Containers: Lighter Than VMs
Containers (Docker, containerd) take a different approach. Instead of virtualizing hardware, they share the host OS kernel while isolating processes at the file system and network level using Linux namespaces and cgroups.
A VM takes 30–60 seconds to boot and uses gigabytes of RAM. A container starts in milliseconds and uses megabytes. This density advantage is why Kubernetes became the dominant way to run cloud workloads.
# A simple containerized Node.js app
FROM node:20-alpine
WORKDIR /app
COPY package*.json ./
RUN npm ci --only=production
COPY . .
EXPOSE 3000
CMD ["node", "server.js"]
Docker builds this into a portable, versioned image. On any cloud machine with Docker installed, this runs identically.
Cloud Regions, Availability Zones, and Fault Tolerance
AWS is divided into Regions (geographic locations like us-east-1, eu-west-1, ap-southeast-2) and within each Region, multiple Availability Zones (AZs) — physically separate data centers, typically 20–50 km apart, with independent power, cooling, and networking.

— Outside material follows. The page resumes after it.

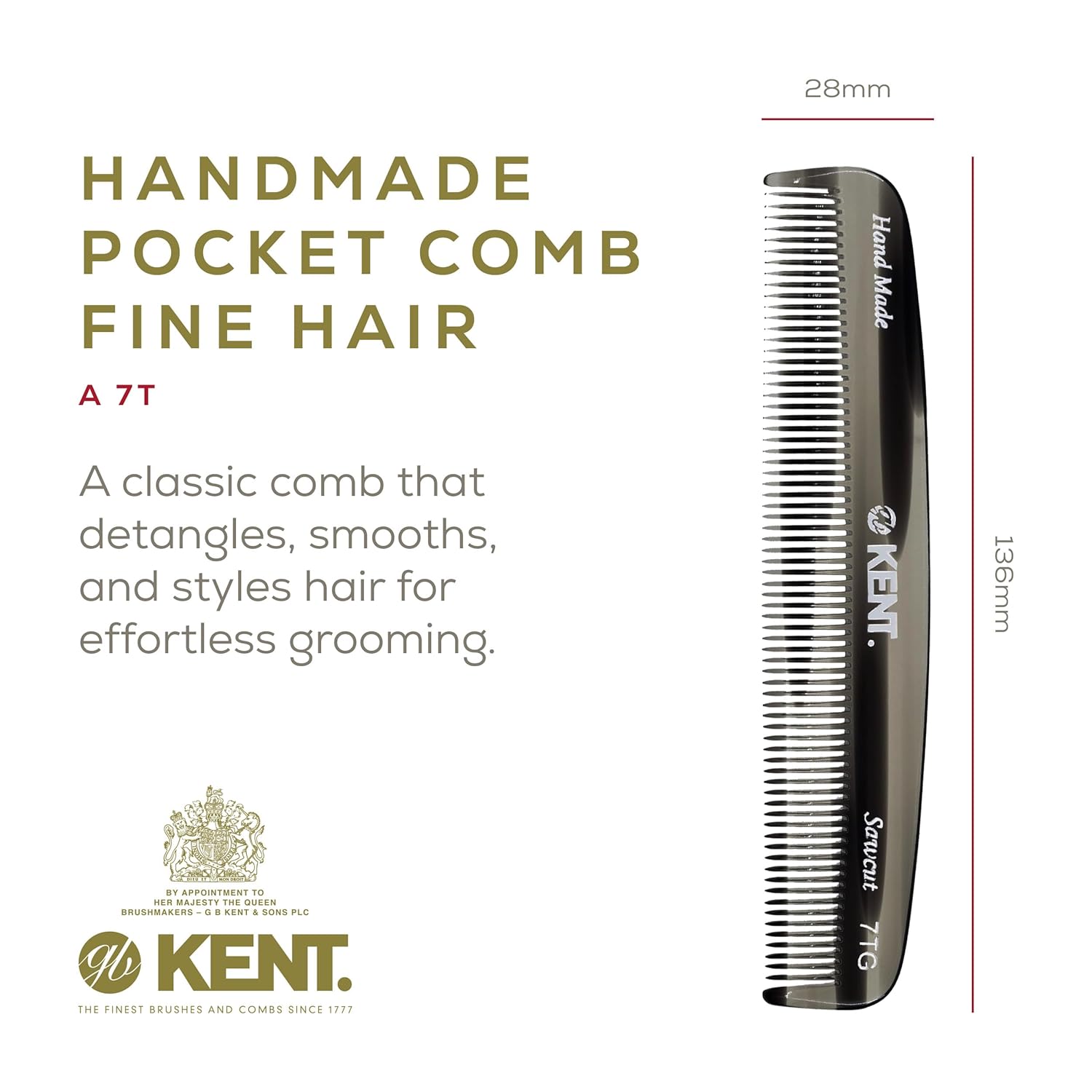 Kent 7T Black Graphite All Fine Tooth Pocket Comb for Men - Handmade Hair Comb for Men for Everyday Grooming and Styling - Travel Comb for Hair Care, Mustache and Beard Care, Saw Cut and Hand Polished

This architecture enables high availability patterns:
- A load balancer distributes traffic across multiple instances in multiple AZs
- If one AZ goes down (hardware failure, power outage), the others absorb traffic
- Data is replicated synchronously across AZs for databases like RDS Multi-AZ
The 2021 AWS us-east-1 outage — which took down Slack, Netflix, and thousands of other services — happened because so many companies hadn’t distributed their workloads across multiple AZs. They had the tools for resilience; they hadn’t used them.
Multi-Region vs. Multi-AZ
| Setup | Latency overhead | Cost | Resilience against |
|---|---|---|---|
| Single AZ | None | Low | Nothing — single point of failure |
| Multi-AZ | ~1ms | Medium | AZ failure, hardware failure |
| Multi-Region | 20–100ms | High | Region failure, natural disasters, compliance |
Multi-region architectures require solving data consistency problems. If a user writes data in us-east-1, how quickly does eu-west-1 see it? Synchronous replication introduces latency; asynchronous replication introduces the possibility of serving stale data.

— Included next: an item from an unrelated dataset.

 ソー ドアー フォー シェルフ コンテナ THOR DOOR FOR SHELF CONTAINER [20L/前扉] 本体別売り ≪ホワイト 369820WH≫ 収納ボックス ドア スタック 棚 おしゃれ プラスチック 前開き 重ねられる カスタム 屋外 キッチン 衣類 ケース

This is the CAP theorem in practice: choose two of Consistency, Availability, Partition tolerance. AWS’s DynamoDB global tables, for example, offer eventual consistency across regions with millisecond replication lag.
Auto-Scaling: The Core Economics
The promise of cloud — “pay only for what you use” — requires the ability to scale capacity with demand. AWS Auto Scaling groups, Kubernetes Horizontal Pod Autoscaler, and serverless platforms all implement this in different ways.
EC2 Auto Scaling monitors a metric (CPU utilization, request count, queue depth) and launches or terminates instances based on policies:
{
"ScalingPolicies": [
{
"PolicyType": "TargetTrackingScaling",
"TargetTrackingConfiguration": {
"PredefinedMetricSpecification": {
"PredefinedMetricType": "ASGAverageCPUUtilization"
},
"TargetValue": 60.0
}
}
]
}
This keeps average CPU near 60%. Spike above 60%? New instances launch. Traffic drops? Instances terminate.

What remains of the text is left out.